Virendra Sharma won a by-election in Ealing Southall in July 2007, after the death of the sitting MP Piara Khabra (who also had an unenviable record as an inactive representative of his electorate) with a majority of 5070. Southall has a reputation as a strong Labour seat (in 1997 with a majority for Khabra of over 21,000). But since the last election the boundaries of both Sharma’s and Slaughter’s Ealing seats have been redrawn, the effect of which is uncertain. After ten years in power Labour is seen as outworn and sterile; many of their MPs must dream of a leader to inject some of the Obama appeal which, shallow and spurious though it is, promises to bring in the votes. But there is nobody in the Labour Party to compare in that way to the new US President.
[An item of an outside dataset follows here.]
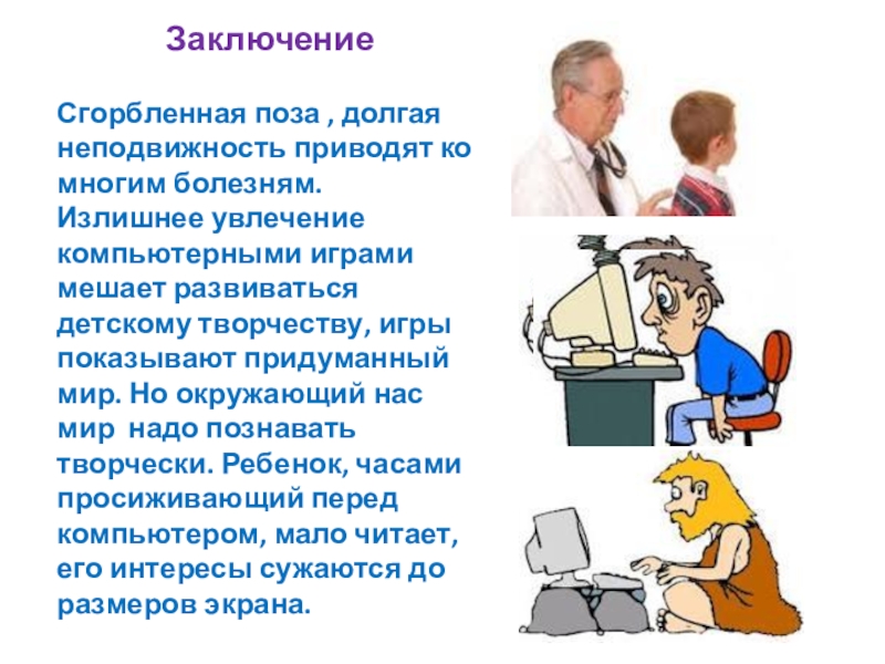 компьютерными играми мешает развиваться детскому творчеству, игры показывают придуманный мир. Но окружающий нас мир надо познавать творчески. Ребенок, часами просиживающий перед компьютером, мало читает, его интересы сужаются до размеров экрана.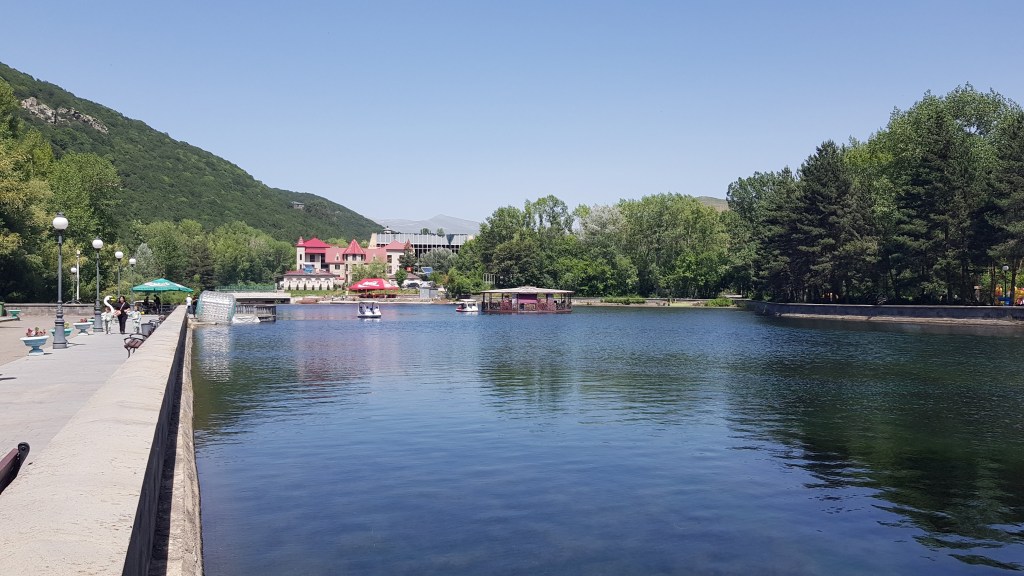 Unsere Reise führte als nächstes nach Jermuk, einem Ort auf rund 2’000 Meter über Meer, welcher als Kurort bekannt ist und in dem Mineralwasser abgefüllt wird. Der Ort selbst ist ziemlich überschaubar und die Sehenswürdigkeiten Mineralwassergalerie, der See sowie der Wasserfall liegen alle nahe beieinander. Da in den kommenden Ländern der Gebrauch der Drohne nicht mehr erlaubt ist, schickten wir sie in einem Paket in die Heimat. Die freundlichen Mitarbeiterinnen der Haypost halfen uns bei diesem Vorhaben. Mittels Übersetzungsapp gelang es schliesslich unser Paket in die Schweiz zu verschicken.

If leaders like Brown, Darling, Straw and Harman have any appeal to desperate, bewildered voters it is unlikely to be as seductive as Obama’s. So Labour – including the likes of Slaughter and Sharma – are in trouble, being forced to face the reality that their time of deceiving enough voters to put them into power is probably coming to an end.

Obama’s War

It did not take long for the true Obama style of government, behind the media drivel, to assert itself. Only days after he had taken office, two American drone craft killed 22 people in Pakistan and it was announced that Obama had approved the transfer of 30,000 US troops to Afghanistan –
later raised to 60,000. The war there will go on and many people will die in the interests of the minority owning class. So if Obama’s election does have an effect on British politics, influencing the manner in which the parties here present their pleas to be allowed to run British capitalism, we can be sure that it will have nothing to do with human interests, with bettering our lives. That would be taking glamour too far.